Religion fails to produce this well rounded being as it concentrates on the negative aspects of humanity in a bid to tame them. Instead of concentrating on the idealistic trinity of ‘beauty, harmony, and complete human perfection’ they strive to ‘conquer the obvious faults of our animality and human nature perfect on the moral side’. Arnold presents this as being oppressive rather than en-lightening through the use of the word ‘conquer’. This indicates how he saw the Church, as representative of religious organisations, failing to make any attempt to create spiritual growth from within people, and he believes that whilst we still use the Church as a moral crutch we can never progress culturally.

Arnold states that culture must be a ‘general expansion’, as over-development of any one of the ‘voices’ of human experience is detrimental to society as a whole, and these voices, ‘art, science, poetry, philosophy, history, as well as religion’ should all be commensurate in the individual and the masses. In this way Arnold believes that ‘culture goes beyond religion, as religion is generally conceived by us’.

I believe this is proof positive that Arnold gives primacy to ‘culture’, but even this is not unproblematic because of the appendage of ‘as generally conceived by us’. This could be seen as a disclaimer of sorts, as Arnold would certainly have wished to avoid accusations of irreligiousness, and the possibility of legal action against him. However, it could also point to a special conception some people may have of religion, which allows it to out rank ‘culture’. But, even if this is the case, Arnold’s previous argument would negate the possibility of this level of belief really being superior to ‘culture’, as the expansion of ‘culture’ must be an overall expansion, and this minority would be contrary to the general move towards a higher cultural epoch.

Indeed, Arnold believes that ‘religion’ is only one of the many ‘voices of human experience’, so it is a sub-division of ‘culture’. Only when it is combined with the arts and sciences is the entity ‘culture’ created. At some stages in Culture and Anarchy, ‘culture’ and ‘religion’ appear to be equally rated by Arnold, but even then an underlying argument can be found for the supremacy of ‘culture’.

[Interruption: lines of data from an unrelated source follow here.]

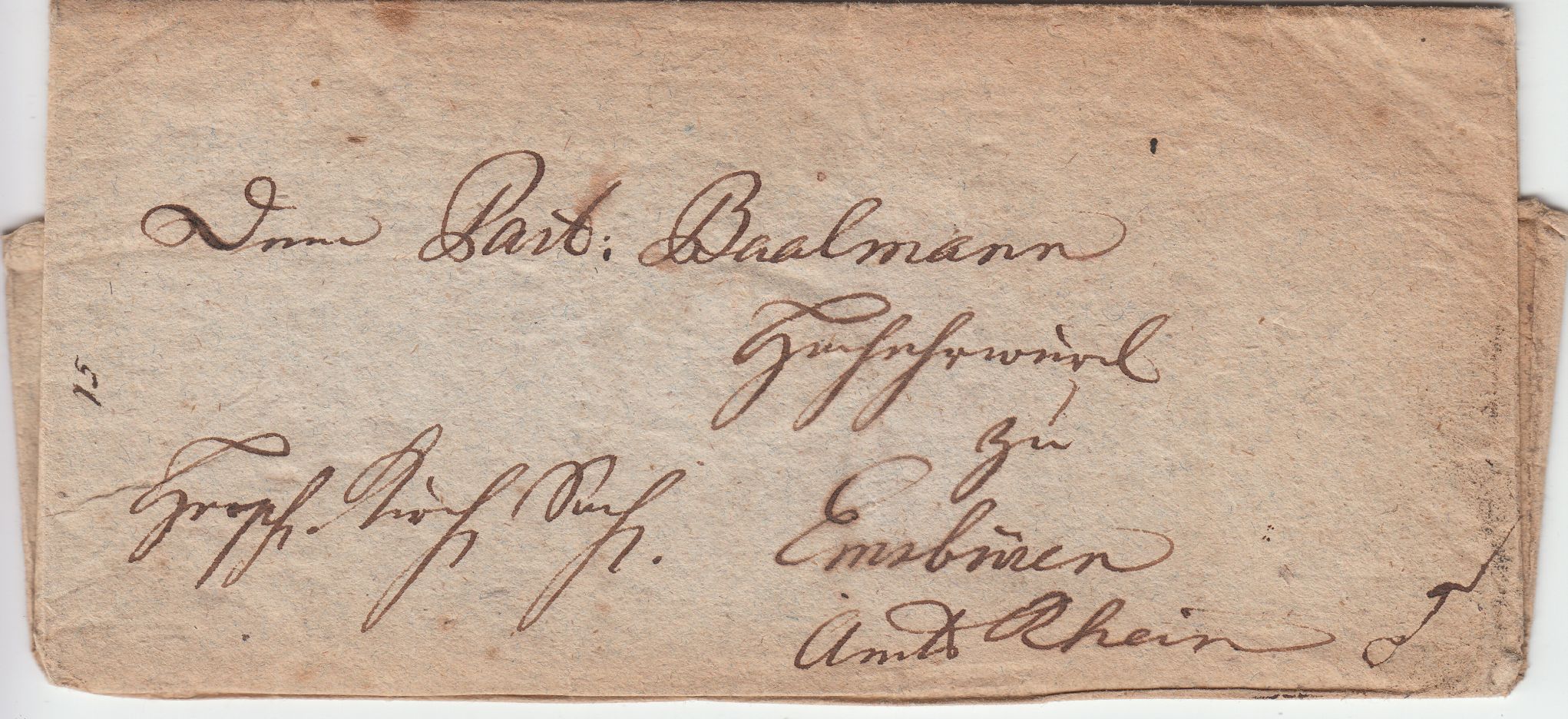Der Beleg wurde adressiert "Dem Past. Baalmann Hochehrwürden zu Emsbüren Amt Rheine" (Past. = Pastor) und als Sendungsart wurde "Großh. Kirch Sache" = Großherzogliche Kirchensache angegeben.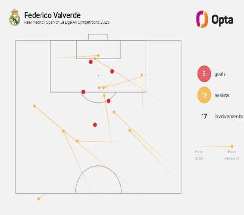 至此,巴爾韋德本賽季代表皇家馬德里在各項賽事已直接參與17球(5球12助),追平皇馬生涯單賽季第二多參與進球紀錄(2024-25賽季也是17球),僅次于2022-23賽季的19球。
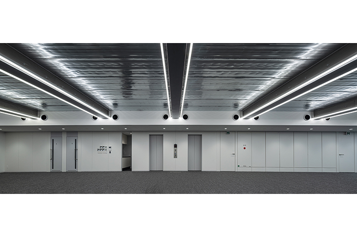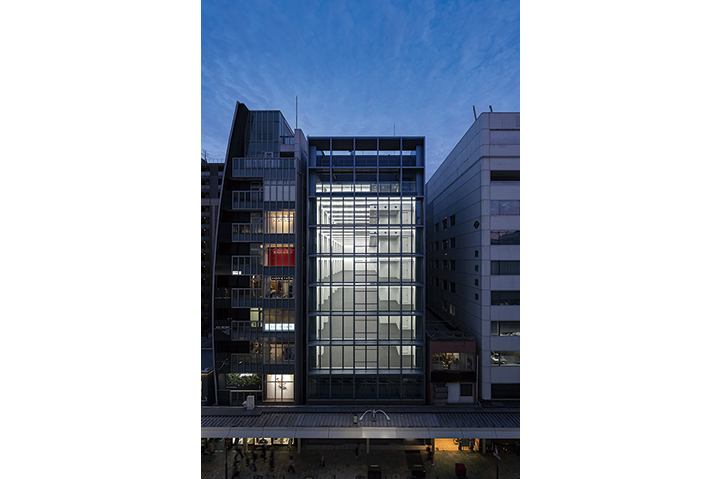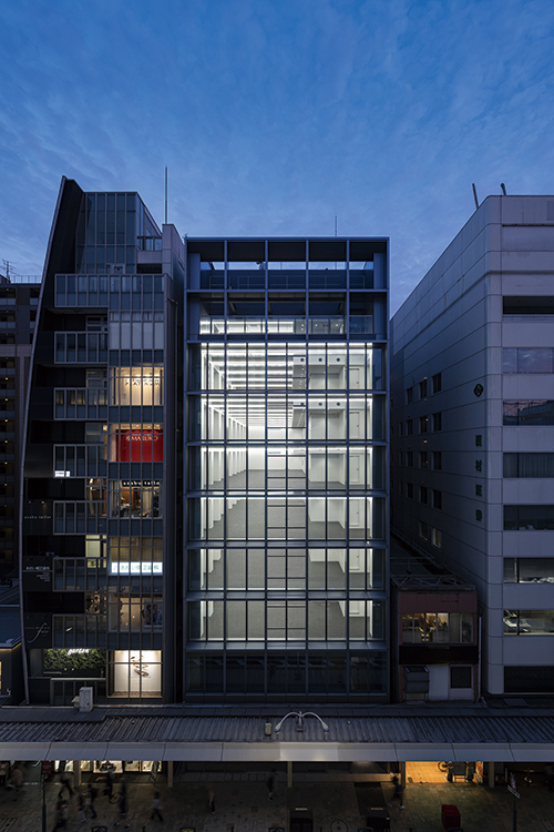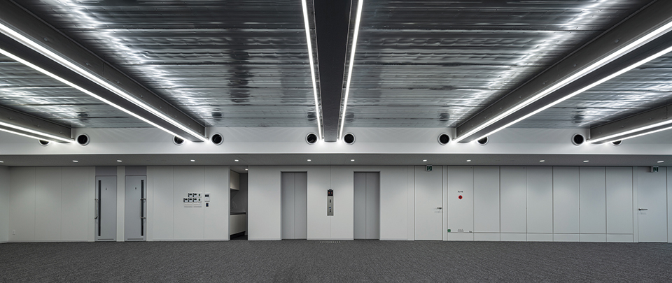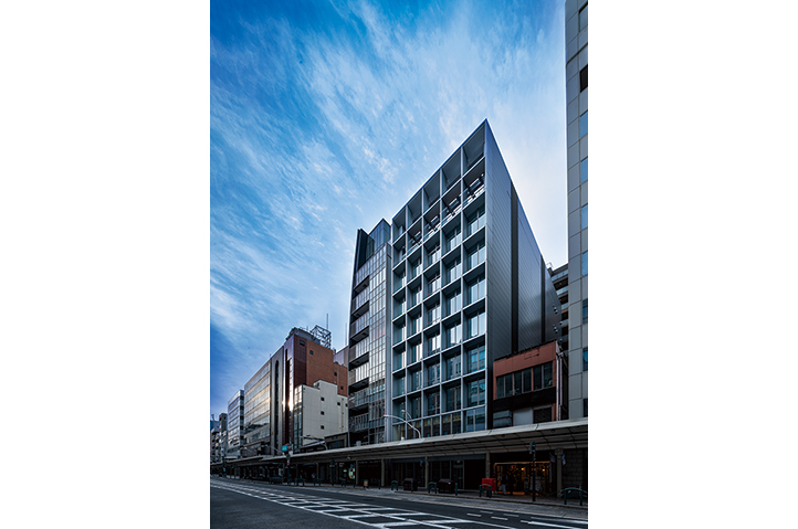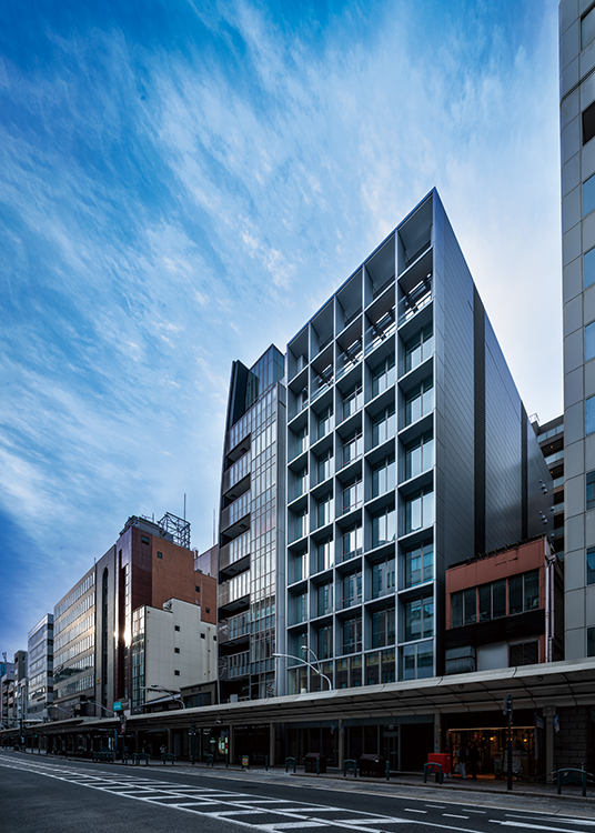 京都では間口が狭く奥行きが深い地域特有の敷地が多く、高さ制限も厳しいことから、テナントスポーツ ベット ioビルの供給不足が常態化している。このような場所で貸室の間口・面積を最大限確保しながら快適な執務室を実現すると共に、京町屋の通庭のようなエントランスをもつ、この地におけるテナントスポーツ ベット ioビルの新たなプロトタイプの創出を目指した。梁をフランジ露出側面コンクリート梁とし、天井をフェローデッキ現しとすることで、階高3200㎜ で天井高2950㎜を確保、31mという高さ制限の中で9層の断面計画を実現した。また敷地の奥行きを利用して、従来のシザース階段をさらに効率化した1階で2つの階段が前後に折り重なる「タンデムツイン階段」を計画した。これによりコアの平面形状がよりコンパクトになり、レンタブル比を高めながら、室内環境向上につなげている。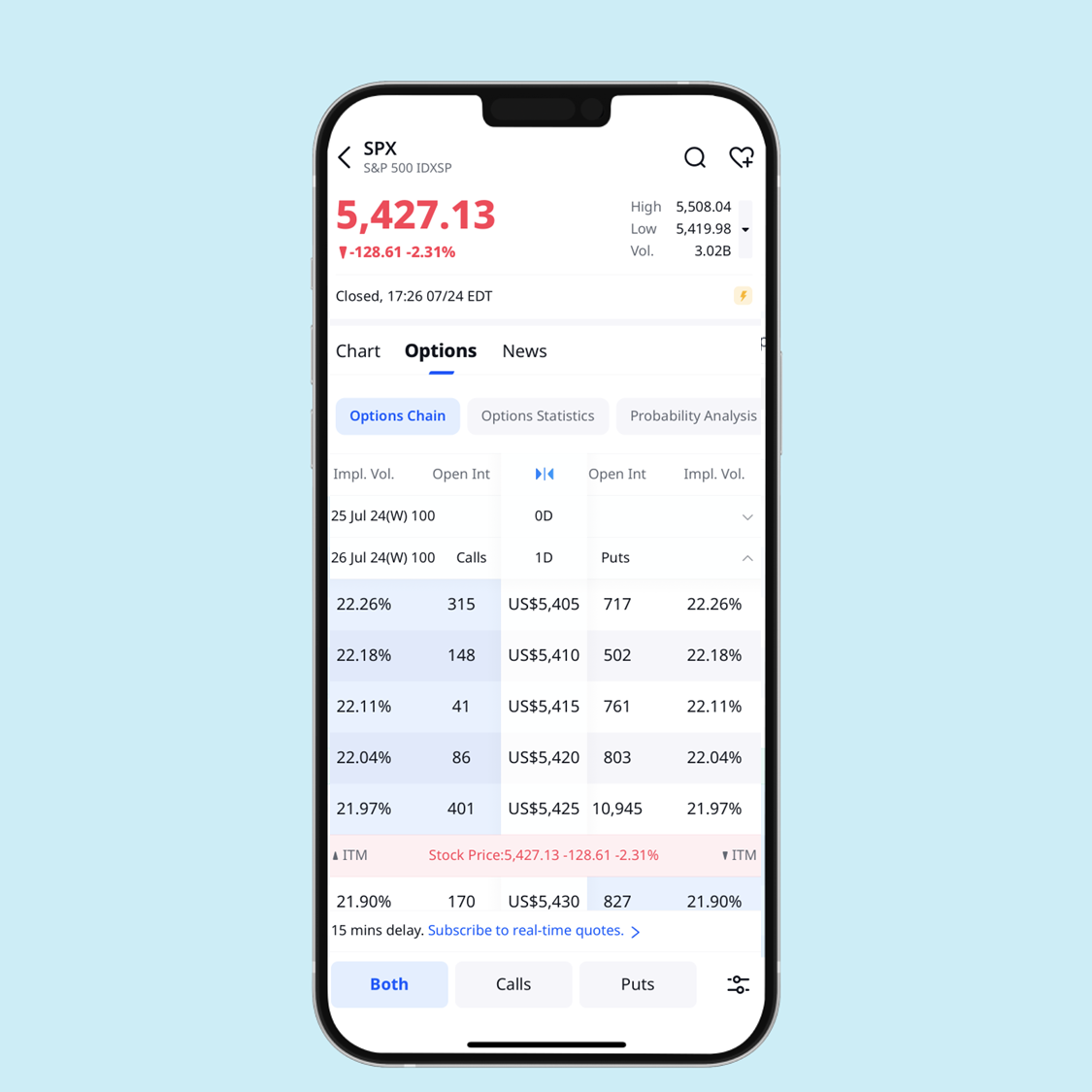 หากดูที่ Options Chain ของดัชนี S&P500 (SPX) จะพบว่าสถานะคงค้างของ Put Option มีปริมาณสูงกว่าสถานะคงค้างของสัญญา Call Option ซึ่งบ่งบอกถึงความเชื่อมั่นของนักลงทุนที่ถือครองออปชัน SPX เหล่านี้ ซึ่งมองว่าราคาดัชนี S&P500 จะอยู่ในระดับที่ต่ำกว่าราคาใช้สิทธิ พวกเขาจึงเลือกถือครอง Put Optionมากกว่า Call Option
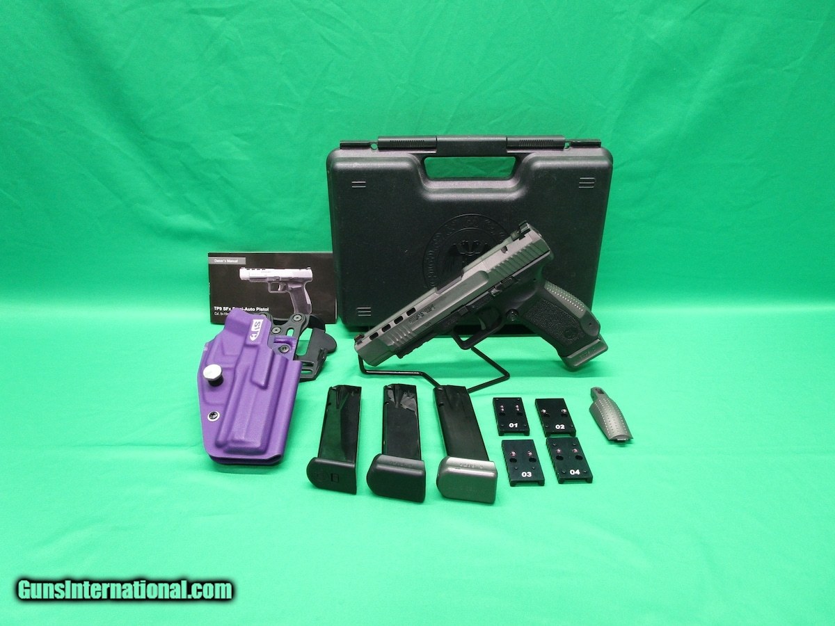 Description: Guns Listing ID: 913533 We have a used Canik TP9SFX semi-automatic for sale. This is chambered in 9mm with a 5\" barrel. It comes as shown in pictures with a holster, three 18 round magazines with plus 2 extensions plates, one 15 round magazine, mounting plates, manual, back strap, and factory case . This is in Very Good Used Condition. Overall we would grade at approx 98%. Check out the pictures and feel free to call or email with any questions. SOLD Manufacturer: CANIK Model: tp9sfx Caliber Info: 9MM LUGER (9X19 PARA) Condition: Used - Non-Certified Barrels: 5 BARREL Finish: TITANIUM GRAY CERAKOTE |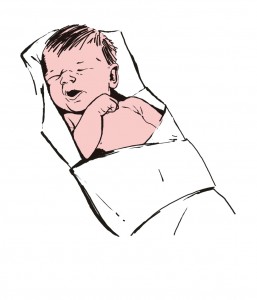 Po porodu otřeme novorozence přiloženými rouškami z měkké, bílé netkané textilie.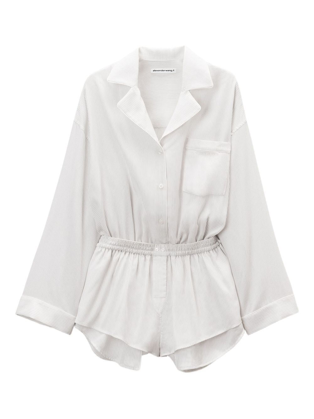 striped jumpsuit Highlights - Off-white - Striped pattern - Notched collar - Long sleeves - Button fastening - Elasticated waistband Imported Composition Cotton 100% Washing instructions Read Manufacturer Guidelines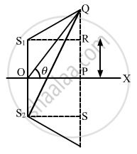 Two sources of sound S1 and S2 vibrate at same frequency and are in phase. The intensity of sound detected at a point P as shown in the figure is I0. (a) If θ equals 45°, what will be the intensity of sound detected at this point if one of the sources is switched off? (b) What will be the answer of the previous part if θ = 60°?
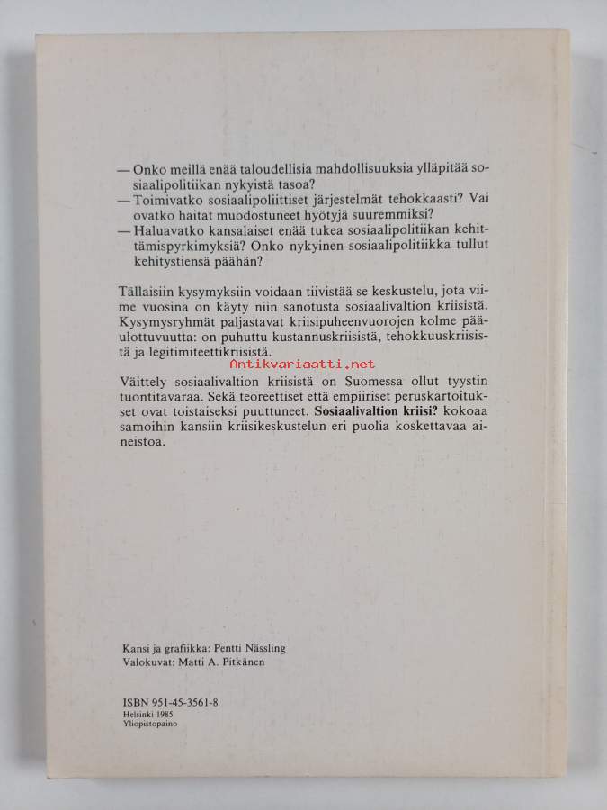 Sosiaalivaltion kriisi? : aineistoa suomalaisen sosiaalipolitiikan ajankohtaisista ongelmista (signeerattu, tekijän omiste)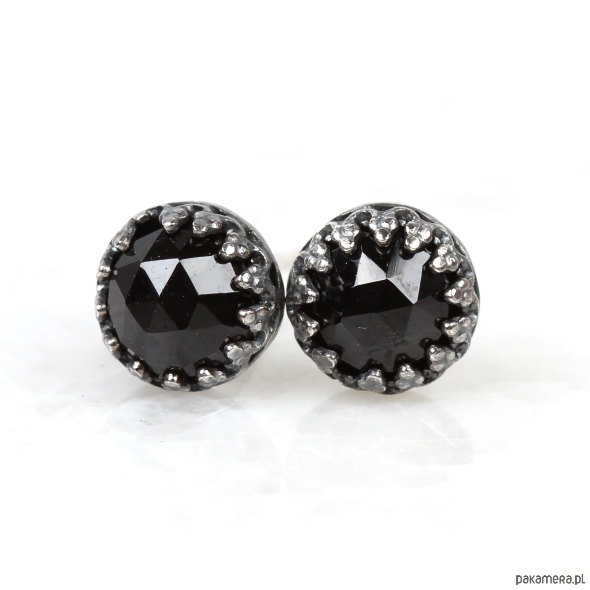 Ręcznie wykonane kolczyki ze srebra pokrytego ciemną oksydą ze spinelem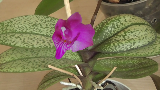 Дико красивая орхидея доритис Pulcherrima var. marmorata, домашнее цветение.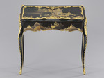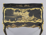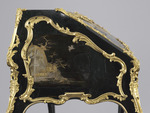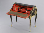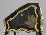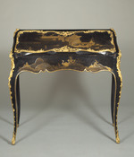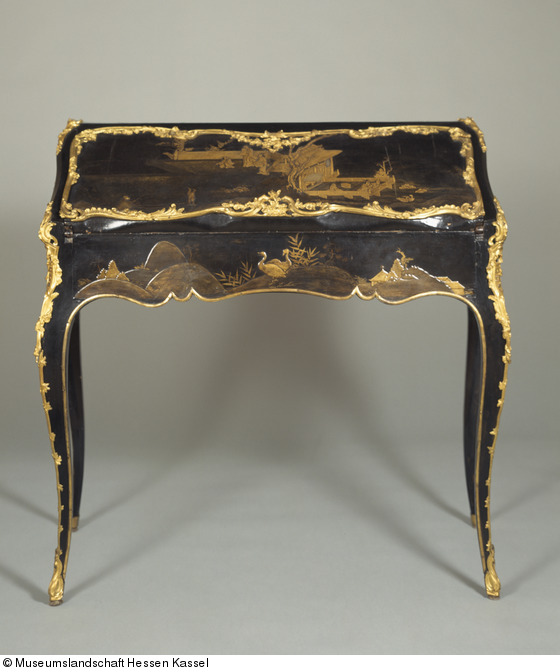 Schreibtisch in Eselsrückenform (en dos d'áne secrétaire en pente) auf geschwungenenen schlanken Beinen. Geschweifte Zarge, darüber aufklappbare Schreibplatte. Eichen- und Tannenkorpus z.T. furniert und mit französischem und japanischem Lack versehen. Malerei und Relieflack in Gold auf schwarzem Grund versehen. Auf der Schreibplatte außen japanischer Lack mit europäischen Ergänzungen und Überarbeitungen: Darstellung eines Wohnhauses mit Gartenlandschaft. Im Garten und auf der Terasse gruppieren sich jeweils drei Figuren, von denen einige eine Szene im Vordergrund beobachten: einen sitzenden Mann, der einen Affen dressiert. Die Darstellung durch einen Baum zentriert. Der japanische Lack ist bei Gewandmustern und Details sehr fein gezeichnet, hat jedoch durch Überlackierungen gelitten. Die Deckplatte, Zarge und die Seitenteile sind aus asiatischen und französischen Lackarbeiten zusammengesetzt: Landschaftsdarstellungen und Vögel. Die Platte durch feuervergoldete Beschläge mit Rocaillen und Blütenranken gerahmt; die Seiten und Kanten der Beine mit Blattranken. Im Innern geschweifte Schubladen und Fächer, dreireihig angeordnet, zwei Schubladen links als Geheimfach zusammengefaßt. Rechts drei kupferne, ''versilberte'' Schubladeneinsätze für Schreibutensilien. In der Mitte verschiebbare Platte, unter welcher ein schwarz lackiertes Fach liegt, das mit einfachen Ornamenten nachträglich bemalt wurde. Die Schreibplatte innen mit grünem Leder neu bezogen.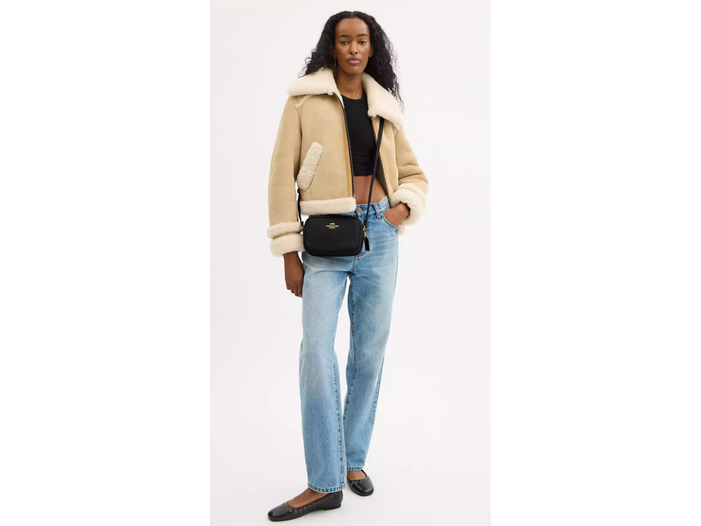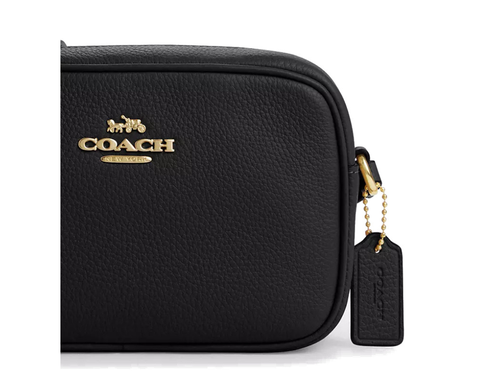 Torba fotograficzna COACH Mini Jamie, skóra groszkowana, złoto-czarna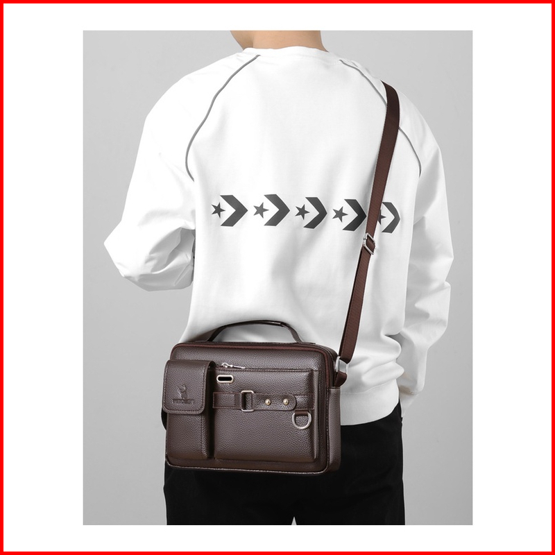 Tas Selempang Bahu Kulit Distro Pria Messenger Bag Leather Import Slempang Cowok Premium Wx081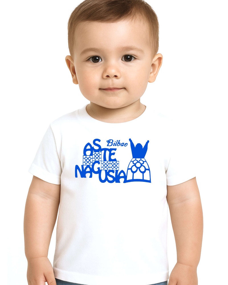 Esta camiseta con baldosa de Bilbao es el complemento ideal para acompañar nuestros conjuntos para fiestas de Bilbo. Completa tu traje de arratzale con esta camiseta para fiestas de Bilbao y el texto Aste Nagusi en azul. Con esta camiseta de mari jaia infantil llevaras completo tu conjunto de arrantzale en la semana grande de Bilbo.
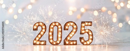 Year-end concept featuring New Year 2025 countdown. New Year celebration with illuminated 2025 and festive sparkles in the background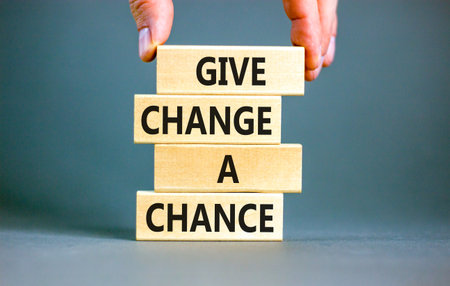 Give change a chance symbol. Concept words phrase Give change a chance on beautiful wooden blocks. Beautiful white paper background. Businessman's hand Business Give change a chance concept Copy space

For example, Arnold calls religion ‘the greatest and most important of the efforts by which the human race has manifested its impulse to perfect itself’. So, at first impressions, it would appear that ‘religion’ has primacy over ‘culture’. However, as has already been noted, the desire to perfect ourselves is one of the most crucial element of ‘culture’, according to Arnold. Therefore, this quote can be de-constructed to ‘religion is merely a manifestation of our inner desire for culture’, rather than being its spiritual better.

Arnold does say that religious organisations have worked on a greater scale for mankind’s benefit than poetry, another ‘voice of human experience’, and a kindred spirit of ‘culture’, I have called religion a yet more important manifestation of human nature than poetry, because it has worked on a broader scale for perfection, and with greater masses of men. However, if the past belongs to ‘religion’, the future belongs to poetry. Arnold believes that poetry seeks to make ‘sweetness and light…characters of perfection’, and if this idealism could be added to ‘the religious idea of a devout energy’ then this would create an uber-culture, capable of transforming and governing sociological changes, including the role of religion in society.

In conclusion, Arnold sees ‘culture’ as an invaluable aid to the find the ideal state of consciousness for mankind, and to achieve this he believes in the endless expansion of our understanding, knowledge, reasoning and morality. However, can this ideal ever be reached if the desire for expansion is endless? Surely it is paradoxical because if Arnold believes in the capability of infinite improvement, then there can be no end. We can always get better, but never be the best. This, however, is still no bad thing, as it means we should never stop progressing and evolving.